Selon l'importance de la négociation, le fait de réfléchir à ces deux questions simples,
qu'est-ce qui a bien marché et pourquoi, qu'est-ce qui n'a pas bien marché et
pourquoi, peut prendre quelques minutes ou plusieurs heures et vous pouvez le faire
seul ou avec des collaborateurs. Pratiquer de manière informelle cet exercice de ret-ex
peut s'avérer excellent pour développer un bon esprit d'équipe et une capacité collective
à aller un cran plus loin dans les négociations. Votre analyse vous aidera à vous
concentrer sur les bonnes questions lors de votre prochaine préparation, et donc
d'obtenir de meilleurs résultats lors de la négociation, que vous analyserez à leur tour,
etc.
Une autre idée fausse mais répandue est notre tendance naturelle à sous-estimer
l'autre partie et à nous faire un peu trop confiance. Mieux vaut adopter le point de vue
inverse, votre interlocuteur a justement été choisi par son organisation parce qu'il ou elle
est capable et compétent. Évitez de tirer des conclusions trop rapides du type " non mais
s'il ne comprend pas, c'est qu'il est stupide ". Non, peut-être que c'est vous qui n'avez
pas été suffisamment clair, explicite.
Autre exemple, " il est nerveux parce qu'il ne sait pas se contrôler ". Non, peut-être que
c'est vous qui ne savez pas vous contrôler, qui avez une tendance à témoigner une
agressivité qui bloque tout.
Une troisième idée reçue tout aussi fausse consiste à croire que la négociation serait
toujours et uniquement une pure compétition. L'objectif serait de battre l'autre. Au
contraire, personne n'aime être battu par son adversaire.
Beaucoup de gens croient que la négociation serait toujours une affaire de concession. Ils
pensent que c'est forcément un jeu à somme nulle : ce que je gagne, l'autre doit le
perdre, et vice versa. Non, la réalité est différente. Et comme nous le verrons plus tard, la
négociation va vous aider à créer des choses ensemble. Je ne suis pas toujours obligé de
prendre à l'autre ce dont j'ai besoin.
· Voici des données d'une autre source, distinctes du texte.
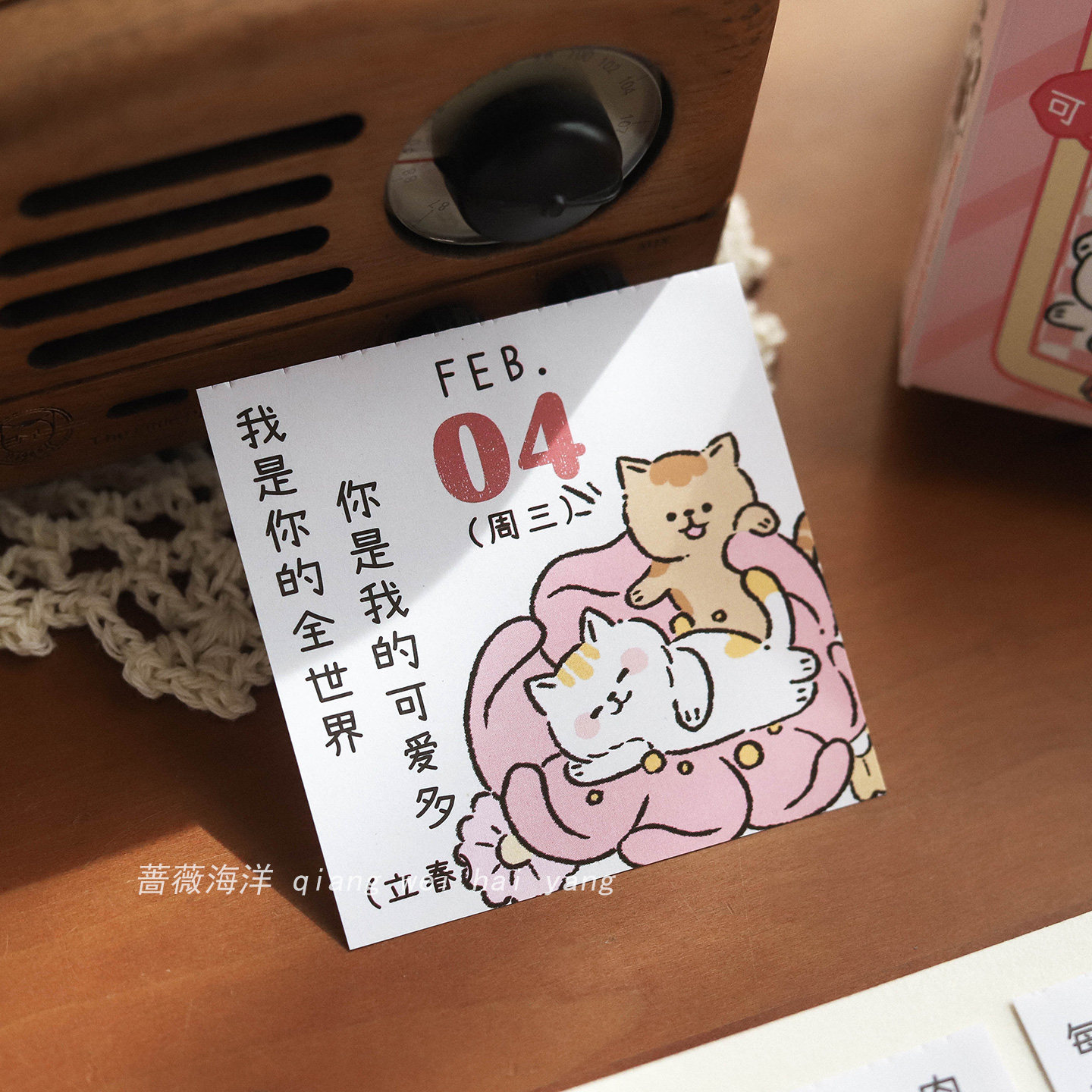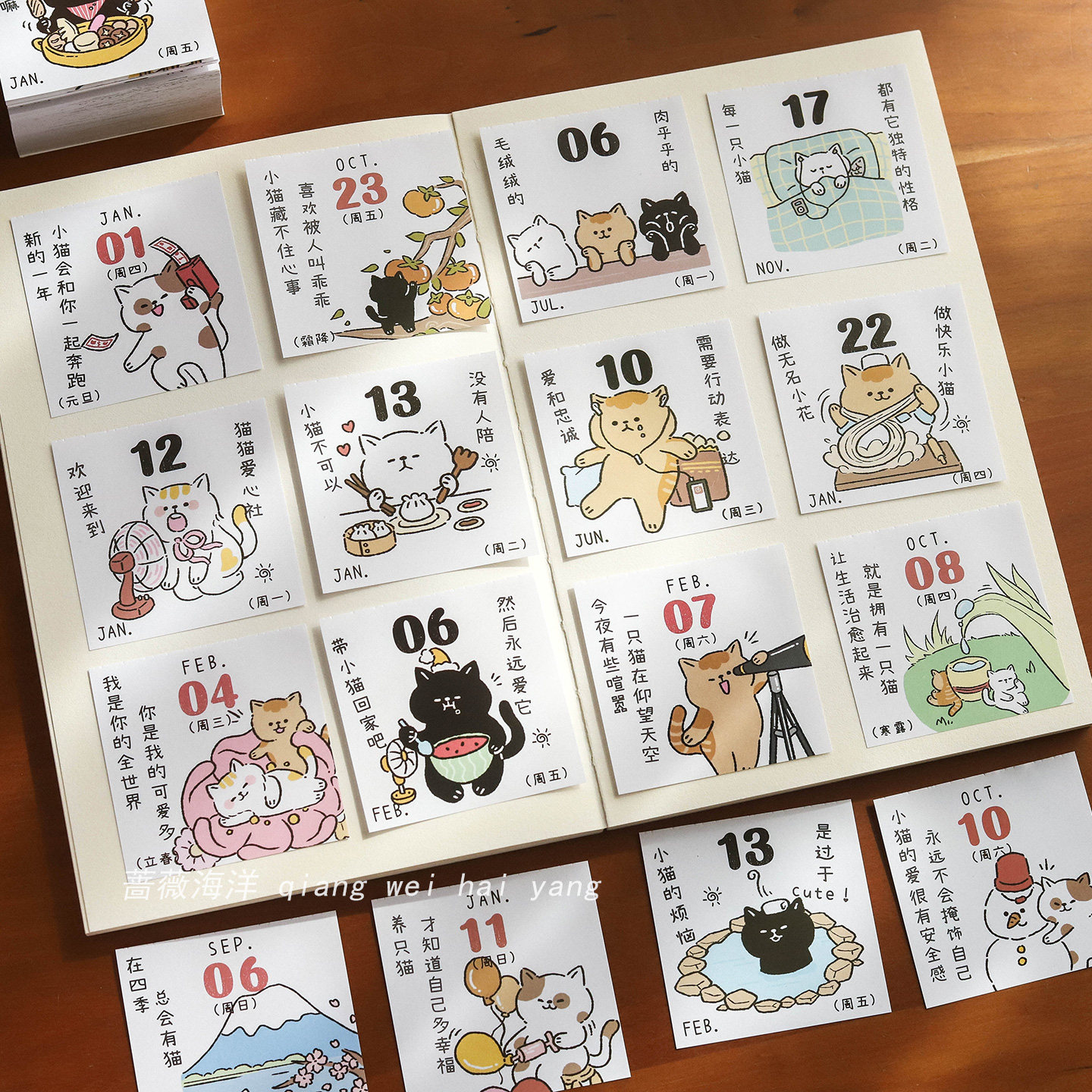 蔷薇海洋 猫咪翻页365日历2026治愈文案台历桌面摆件手帐便签素材

Je peux le créer avec lui, avec son soutien. Et l'autre
acceptera de m'aider sur ce point parce qu'il sait que je l'aiderai à faire de même sur un
autre point de la négociation par un esprit de réciprocité, et cela change tout. Voilà
pourquoi il faut aussi éviter cet autre écueil. Croire qu'il n'existe qu'une solution donnée
dans une négociation, et évidemment la nôtre.